Carroll's of Kickham Street in Carrick is a typically unpretentious small-town bakery of the kind we have long taken for granted and only miss when they're gone.

Billy Kavanagh, the senior baker, has worked all his life there. His father was a baker. Carroll's is renowned locally for the quality of the traditional Carrick Loaf, as well as its other bread and confectionery products. The loaves are baked in batches of a joined dozen, the dough mixed and shaped by hand in a time- and labour-intensive process.

The baking process itself is also distinct from that of the more standardised "pan" bread, with different oven requirements.

The customer's order of two or three loaves is broken off from the long batch and can be had fresh, hot and aromatic every morning. Or it can be had "settled" and a couple of days old: two different tastes.
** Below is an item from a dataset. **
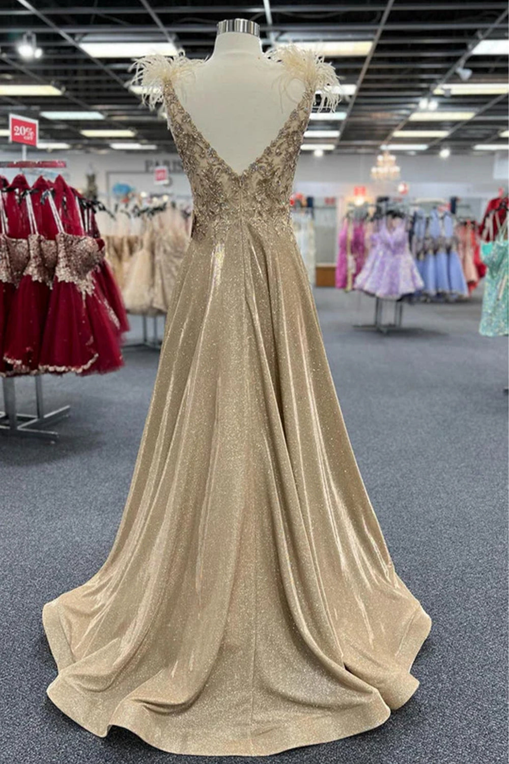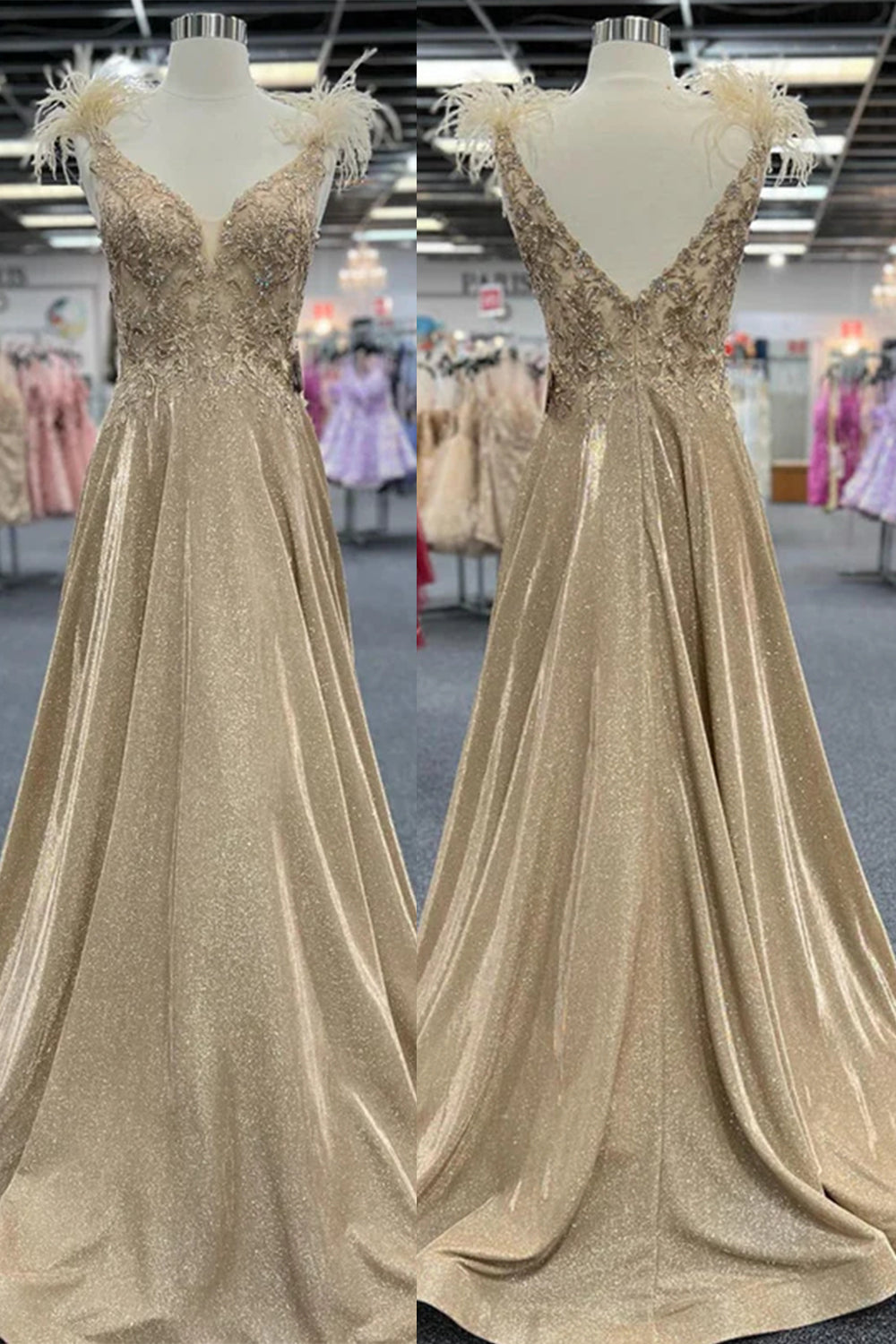 Champagne A-Line Glitter Feathers Pleated Long Prom Dress with Appliques

Some like it hot; some settled. Many relish it either way.

The much-regretted closure of Galvin's has boosted sales for Carroll's. Against all the received economic rationale of our age, it still provides a traditional service, delivering individual orders to private houses and retail outlets. Carroll's van does set rounds every day of the working week, both in the town and through a 15-mile radius in the hinterland. About half of overall sales are of the traditional Carrick Loaf.

Some years ago a Canadian film crew came visiting to make a documentary on the Newfoundland connection with the region. Sharing a meal in our house, they fell upon all we could muster of Carrick Loaves like men tasting manna in the desert; midway through the meal my wife had to slip to town to replenish our bread rations.

Subsequently I was travelling to St John's, Newfoundland, on a poet's bursary and took with me as gifts to "the land of fish" a large batch of that morning's loaves, hot from the bakery. Toronto customs were bemused, possibly suspecting an attempted importation of Carrick cocaine. But they let me through. I was enabling a transatlantic communion out of a Carrick bakery.

From the oven time and time again, the incensed miracle of bread, its truth and grace, brought out to light and offered to the morning*

*From Oven Lane, by Michael Coady, Gallery Press.